The state agency says it has enough petroleum products stored across its network and that supply remains stable at the bulk level, even though motorists in different regions are struggling to access fuel at retail stations.
In a statement on Wednesday, KPC said all its depots and terminals are adequately stocked and operational, adding that the quality of its fuel meets both local and international standards.
“Kenya Pipeline Company PLC (KPC PLC) has noted with concern reports of a shortage of fuel in petrol stations across the country. We wish to assure the public that there is sufficient fuel in all of our terminals and depots and that the products meet national and international quality standards as prescribed by relevant certification bodies,” the company said.
KPC manages a 1,342-kilometre pipeline system that transports fuel from the Port of Mombasa to major inland depots in Nairobi, Nakuru, Eldoret and Kisumu.
The system is supported by storage facilities with a capacity of over one billion litres, allowing the company to maintain reserves and manage distribution across the country.
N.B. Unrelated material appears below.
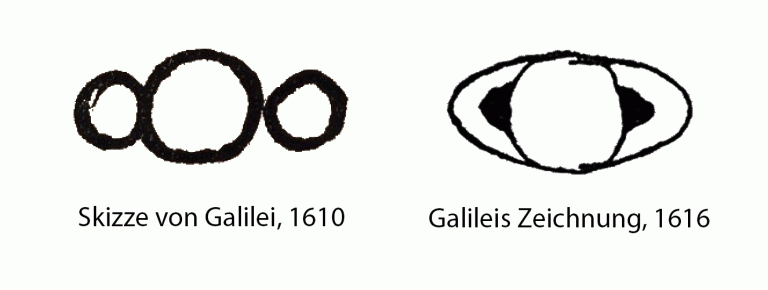 Sobald das Fernrohr 1608 erfunden worden war, richteten die Astronomen es sofort auf die Gestirne. So entdeckte Galileo Galilei im Jahr 1610 mit einem selbst konstruierten Teleskop vier Jupitermonde – die Galileischen Satelliten – und beschloss, sein neues Instrument auch zur Beobachtung des Saturn einzusetzen. Dabei sah er dessen Ringe, verstand ihre Natur jedoch aufgrund der geringen Auflösung seines Teleskops (20-fache Vergrößerung) nicht. Er sah sie als erster und zeichnete sie als zwei sehr große Monde, die den Saturn umgaben. Im Jahr 1612 verschwanden die seitlichen Kugeln scheinbar. Galilei schrieb – passend zum mythologischen Ursprung des Namens, dass Saturn „seine eigenen Kinder verschlungen hätte“. Erst 1616, als der Ring wieder deutlich sichtbar war und Galilei ein besseres Fernrohr hatte, entstand obige Skizze.
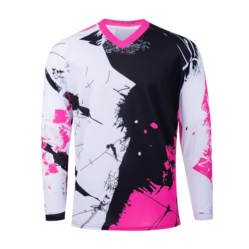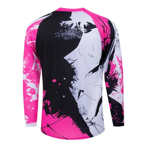 Men's Cycling Jersey Long Sleeve MTB T Shirt Mountain Bike Motorcycle Bicycle Clothing, Cu9023-ro, Large

According to stock data shared by KPC, key facilities such as Kipevu Oil Storage and the Kenya Petroleum Refineries depot are holding large volumes of super petrol, diesel and jet fuel. Inland depots in Nairobi, Nakuru, Eldoret and Kisumu are also reported to have steady supplies.
Even so, motorists on the ground continue to face a different reality.
In towns like Nairobi, Nakuru, Eldoret, Kisumu, Karatina and Nyeri, drivers have reported empty stations, limited supply and long waiting times. Some petrol stations have closed temporarily, while others are only selling premium fuel, which has forced consumers to spend more.
The situation has been made more complex by a disputed fuel consignment that recently drew government attention.
Wandayi on fuel crisis
Energy Cabinet Secretary Opiyo Wandayi ordered the removal of a 60,000 metric tonne shipment of super petrol that had been imported outside the Government-to-Government fuel arrangement. The ministry argued that the cargo would have disrupted price stability.
“This consignment was priced at Ksh198,000 per metric tonne compared to Ksh140,000 per metric tonne under the G-to-G framework. This would have raised pump prices by about Ksh14 per litre,” Wandayi said.
The shipment, delivered on March 27 aboard MT Paloma, has since been kept out of the local market. Oil marketing companies were also directed not to include it in pricing calculations or settle related invoices.
There are now growing concerns about what happens next, especially with the next fuel price review expected on April 14. Analysts and sector players warn that prices could rise significantly, with estimates ranging between Ksh30 and Ksh60 per litre if current pressures persist.
For consumers, the uncertainty remains high. Some motorists have resorted to panic buying, while others are travelling longer distances in search of fuel. In some areas, stations remain closed or are operating on a limited supply.
The ongoing situation has left many questioning whether the issue lies in supply, pricing or distribution, even as KPC continues to insist that the country has enough fuel in storage.